El pelo bien peinado y la barba bien rasurada, Henri Kanarack vestía un mono azul de una empresa de reparación de aire acondicionado. No tuvo trabas al pasar la entrada de servicio ni al coger el ascensor de servicio hasta la planta de reparaciones. Jean Packard le había dado el nombre de Paul Osborn y del hotel donde se hospedaba. No sabía el número de habitación porque era seguro que también habría soltado ese dato. Los hoteles no daban el número de habitación de los clientes, sobre todo los de cinco estrellas como el de Osborn, con una clientela adinerada e internacional, protegida de los extraños que actuaban con motivaciones personales o políticas.

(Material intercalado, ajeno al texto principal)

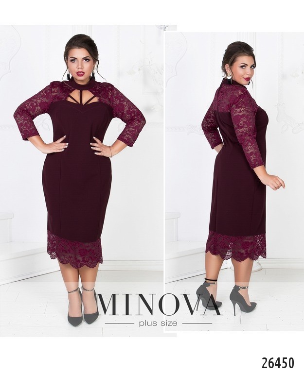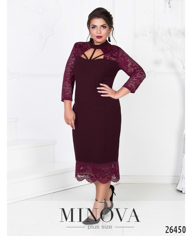 Женственное платье по фигуре, подчеркивающее сексуальные изгибы тела. Крой лифа вверху напоминает бюстье. Декольте оформлено в виде геометрического выреза с высокой горловиной, кружевом и декоративными планками. Рукава и отрезная кокетка на спине выполнены из кружева. Зауженный подол оформлен широкой кружевной полосой. На спине платье застегивается на скрытую молнию.
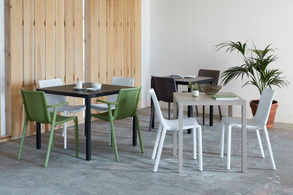 Josep Llusca is de ontwerper van de Kat-serie kunststof stoelen voor het Spaanse merk Resol. Deze sterke kunststof horecastoelen zijn geschikt voor binnen- en buiten gebruik. De Kat stoel is gemaakt van UV bestendig polypropyleen versterkt met glasvezel. De kunststof stoelen zijn licht in gewicht en eenvoudig stapelbaar. De armsteun is sterk en praktisch kort zodat de stoel aan een tafelblad kan worden opgehangen. De Beekat en de Netkat hebben een opengewerkt gaatjes patroon in zitting en rug wat zorgt voor luchtigheid en waterdrainage. Deze mooie designstoel heeft een uitstekende kwaliteit en duurzaamheid. Het is tevens een ideale projectstoel voor intensief gebruik en volledig recyclebaar. Geproduceerd in Europa.
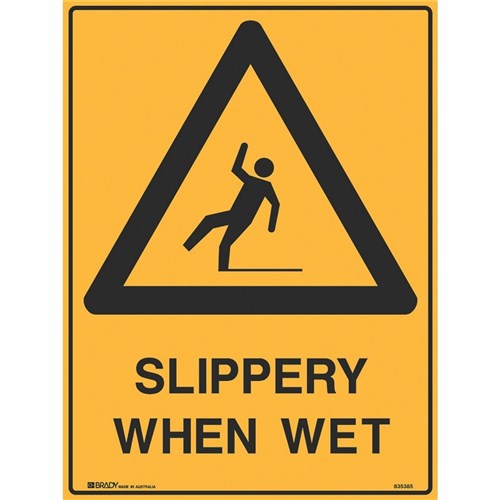 Brady Warning Sign Slippery When Wet 450W x 600mmH Metal Yellow And Black
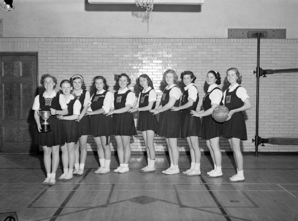 Jeunes filles montrant un trophée couronnant probablement l'équipe de basketball. La scène se déroule au Westmount Junior High School, chemin Academy à Westmount
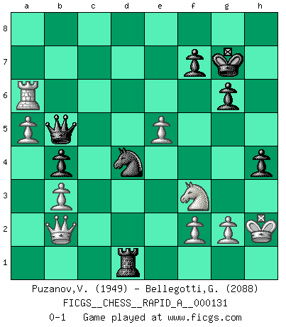 Last move : 0-1 2013 February 1 18:1:18 [Event "FICGS__CHESS__RAPID_A__000131"] [Site "FICGS"] [Date "2012.10.27"] [Round "1"] [White "Puzanov,Vasyl"] [Black "Bellegotti,Giorgio"] [Result "0-1"] [WhiteElo "1949"] [BlackElo "2088"] 1.d4 d5 2.c4 c6 3.cxd5 cxd5 4.Nf3 Nf6 5.Nc3 Nc6 6.Bf4 a6 7.e3 Bg4 8.Be2 e6 9.h3 Bxf3 10.Bxf3 Bd6 11.Bxd6 Qxd6 12.O-O O-O 13.Rc1 Rfc8 14.Qd2 b5 15.Rfd1 Qd8 16.Ne2 Na5 17.b3 Nb7 18.Ng3 Nd6 19.Rc5 g6 20.Rdc1 h5 21.h4 Kg7 22.Qb4 Rcb8 23.Qe1 Ra7 24.Rc6 Nfe8 25.e4 dxe4 26.Bxe4 Qxh4 27.Qe3 Rd8 28.Bf3 Qe7 29.Qe5+ Kg8 30.a4 h4 31.Ne2 Nf5 32.a5 Nf6 33.Rd1 Nd5 34.Bxd5 Rxd5 35.Rc8+ Rd8 36.Rdc1 Rad7 37.R1c6 Rd5 38.Qb8 Kg7 39.Rxa6 Rxc8 40.Qxc8 Rd8 41.Qc3 e5 42.dxe5 Rd1+ 43.Kh2 b4 44.Qb2 Qc5 45.Ng1 Nd4 46.Nf3 Qb5 0-1 QGD Slav defense : Exchange variation Kingside Castling by player White (move 12) Kingside Castling by player Black (move 12) Player Black won this chess game. Follow this game move after move (download)A man without frontiers. He didn't divide the East and the West, he brought them together in their admiration for him. (Ljubomir Ljubojevic, about Bobby Fischer's death) Warum muß ich gegen diesen IDIOTEN verlieren? (Aaron Nimzowitsch) Si tu oponente te ofrece un empate, trata de averiguar porque piensa él que esta en una posición peor. (Nigel Short) Les échecs, c'est l'art d'analyser. (Mikhail Botvinnik) Every man's memory is his private literature. (Aldous Huxley)

Kanarack cogió una caja de herramientas del taller mecánico, caminó por el pasillo de servicio hasta las escaleras de emergencia, por donde subió hasta el vestíbulo. Cruzó la puerta y echó un vistazo a su alrededor. La sala de recepción era pequeña, recubierta de madera y bronce, y la mayor parte de la decoración eran antigüedades. A la izquierda quedaba la entrada al bar y, directamente enfrente, una pequeña tienda de regalos y el comedor. A la derecha, los ascensores. Enfrente de éstos, el mostrador de recepción, tras el cual un empleado de traje oscuro hablaba con un ejecutivo africano extraordinariamente alto que acababa de registrarse. Para conseguir el número de la habitación de Osborn, Kanarack tenía que pasar al otro lado del mostrador. Cruzó la sala, se acercó al empleado y cuando éste levantó la mirada, Kanarack tomó la iniciativa.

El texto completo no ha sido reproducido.